Destroy All Humans destroys all holidays

Furion AlienTo be fair ‘Destroy All Humans’ has not destroyed all holidays…yet. It’s only destroyed Christmas. That is to say that my self and my younger brother didn’t really socialize at family Christmas because we were busy Anal Probing our way to victory. Loving social interaction was replaced quite joyously with DNA extraction from throbbing human brains. Let’s just say that ‘Destroy All Humans’ is a gift that keeps on giving.

The game has been released for Xbox, PS2 and Cell Phone. Oddly enough it hasn’t made its way on to any other platforms thus far. It’s kind of sad really. I could see it benefiting from the increased graphics performance of the Xbox360 or a PC. Sadly all of the Nintendo systems are left out in the cold. It’s not like THQ doesn’t have the resources.

The game it’s self is based on the old school campy sci-fi of brain stealing aliens with death rays, giant heads and even larger flying saucers. The main character that is a clone alien with a bad attitude seems to strike a chord. He’s voiced by some one that sounds an awful lot like Jack Nicholson and with the same sort of ‘screw you guys’ attitude Jack had in his part as the crazy angry guy from ‘As Good As It Gets’. Why is it that with the exception of E.T. it’s the bad tempered aliens that are popular? For the same reason that women dig jerks possibly? That’s a whole other article to be written.

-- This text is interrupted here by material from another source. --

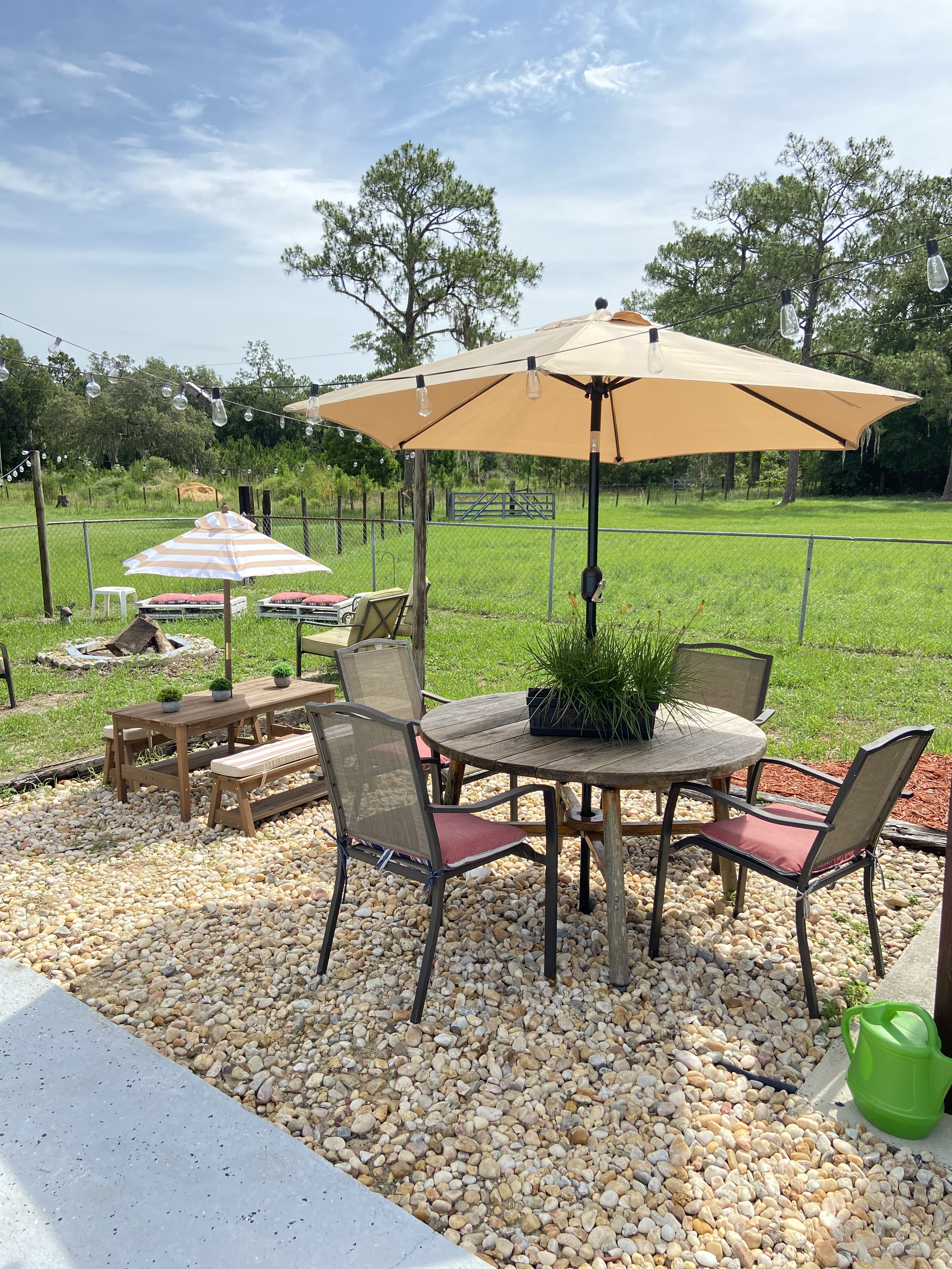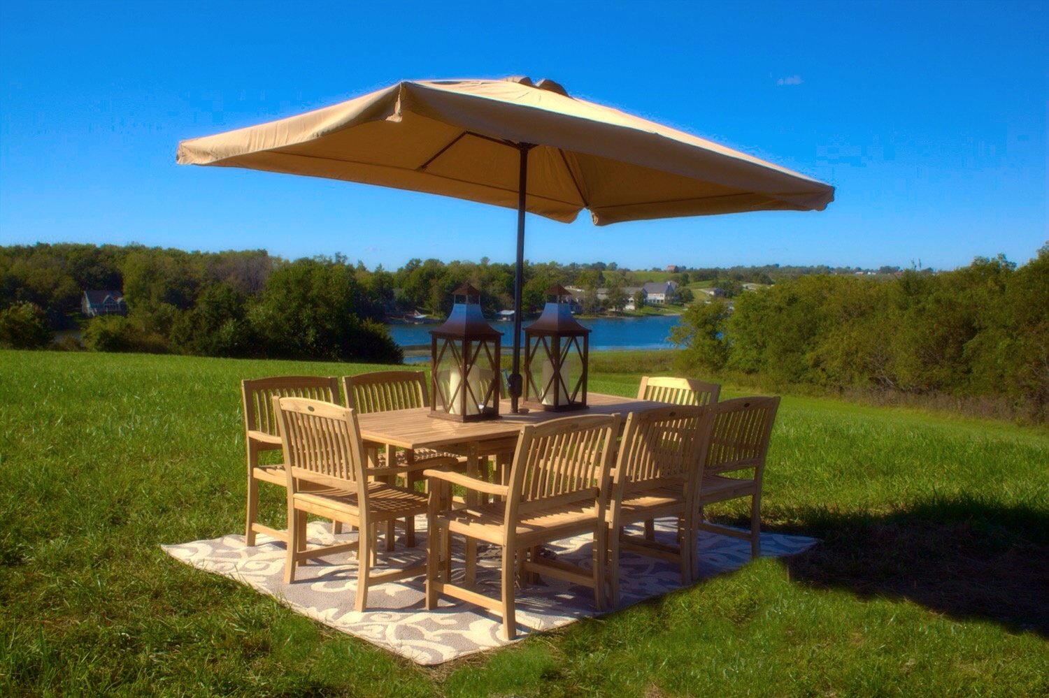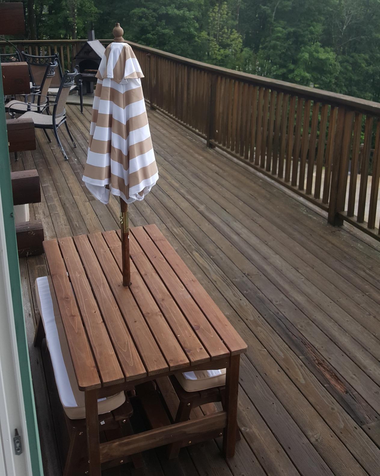 【Furniture】Outdoor Wooden Table & Bench Set with Cushions and Umbrella, Kids Backyard Furniture
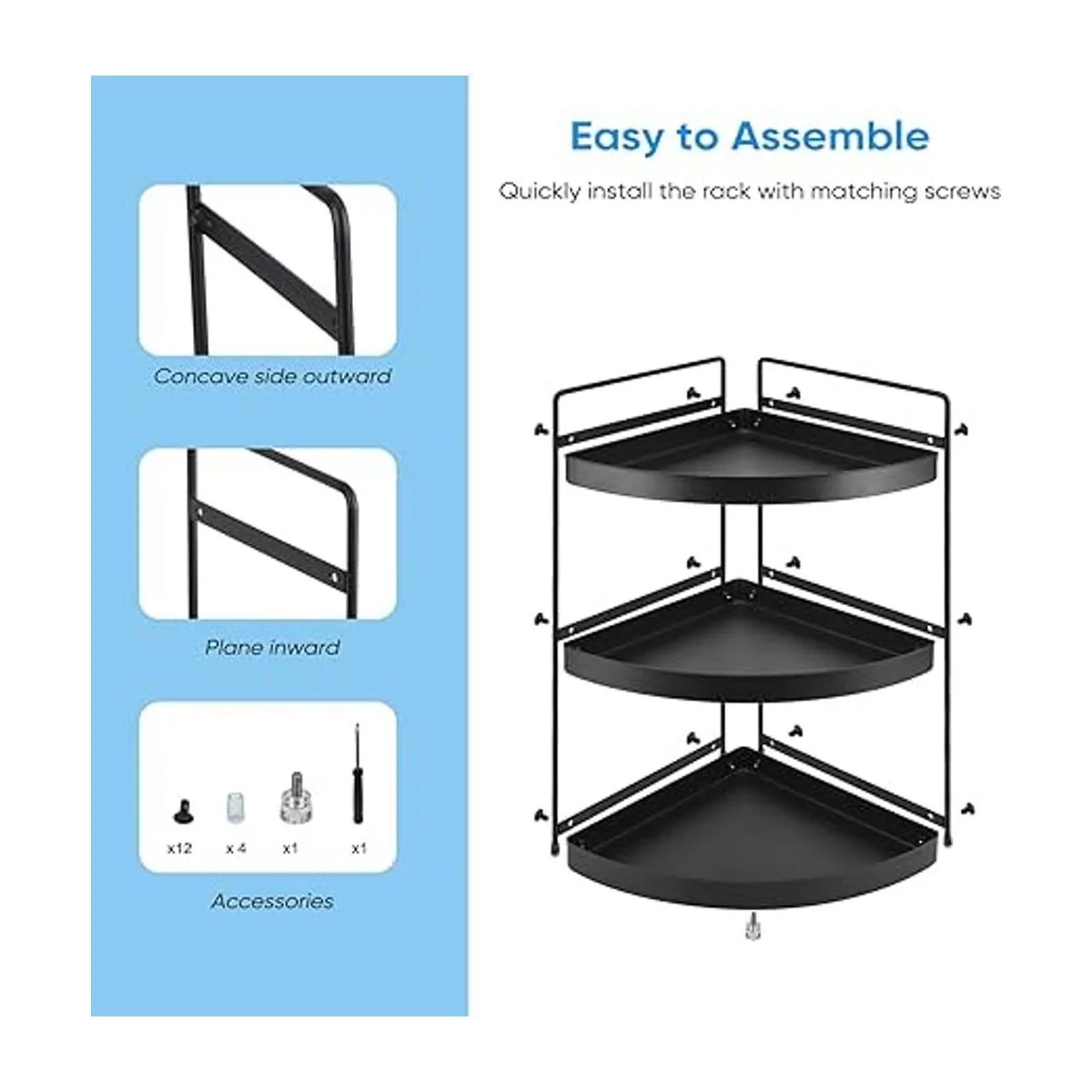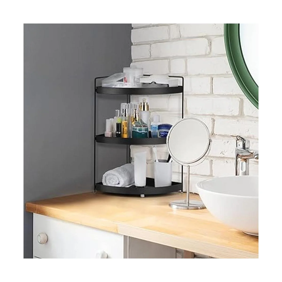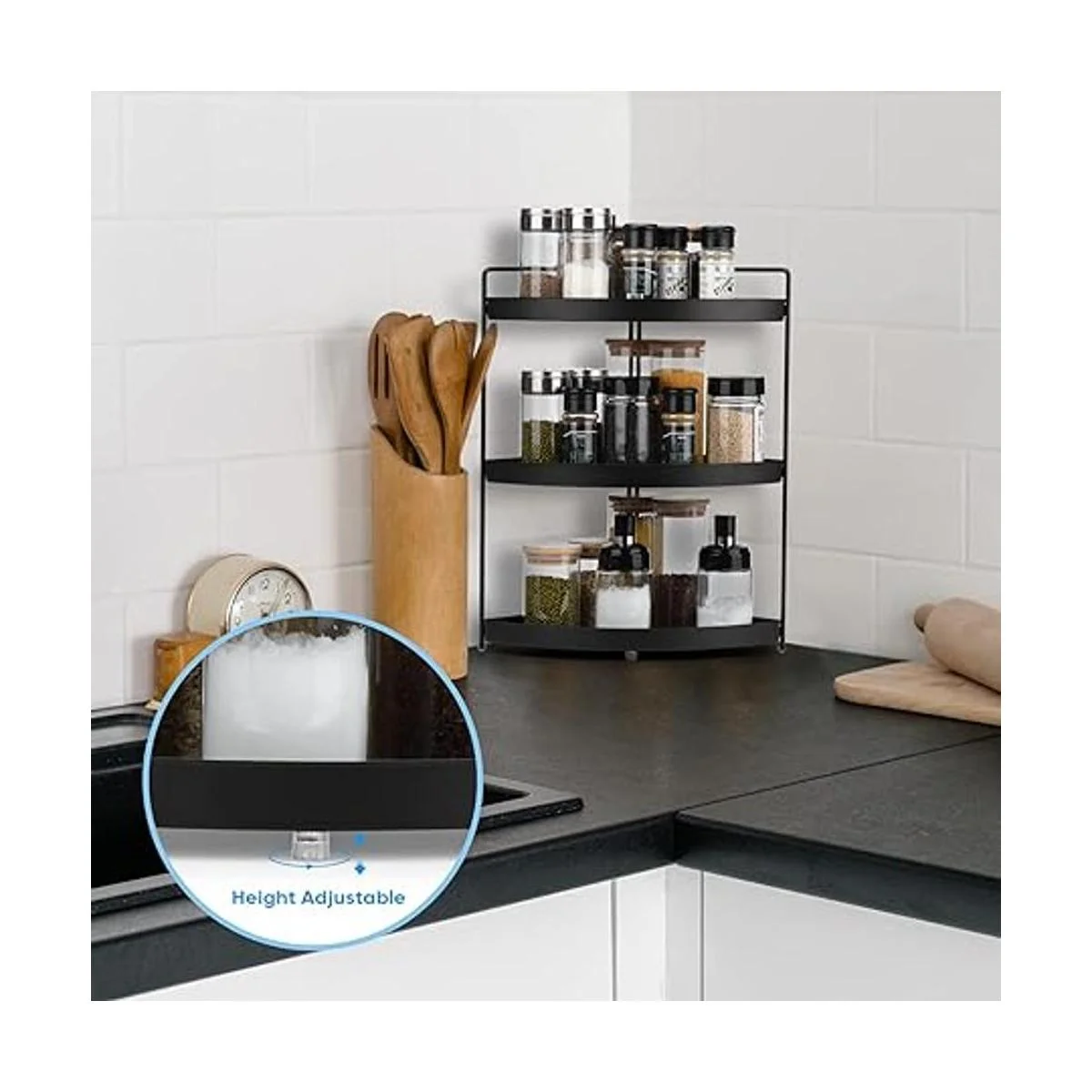 Estante esquinero de 3 niveles, organizador de especias de cocina, baño, bandejas de perfume para tocador, organización y almacenamiento, estantes de pie, soporte para ahorro de espacio, color negro

So I’m sure by now you can figure out the point of the game. The thing that is truly interesting is that it sort of has a plot. I was really hoping for the utter mayhem and pointlessness usually associated with a wrestling/fighting game but have been pleasantly surprised and amused with the plot in this game. I won’t go in to great detail but in the process of finding ways to decimate humanity you find that another group is all ready tinkering with the silly humans. Of course your characters take on this is along the lines of ‘good more people to destroy!’. And for that I’m thankful. Had the game gone off in another direction and started getting sappy towards the humans who can’t defend themselves I would have had to shut it off.

Game play is nicely varied between two styles of play. The top down flying saucer piloting, abduct-o-ray flinging, destruct-o-ray smashing simplicity. And the third person shooter/platformer what with its head popping, brain stealing, human hypnotizing, anal probing complexity. While each of the missions you’re given do tend to lean towards one style of play or the other you are given the option to hop in your sweet sweet saucer ride when ever you please and pound humanity into submission. Or if you choose you can stand on roof tops and anal probe to your hearts content. Game play in both modes is completely with out issue. This is a rare thing to have two modes of play as flawless as this. There is usually at least one glaring issue with a game play style implementation. My hats off to THQ for pulling it off.

I’d love to go in to more detail but I don’t want to spoil any of the fun. Let’s just say that if you’ve ever had the urge to lay the smack down on some stupid humans. And who hasn’t really!? Then go rent/buy this game. It’s the most fun I’ve had playing a single player console game since…well…since Chu Chu Rocket.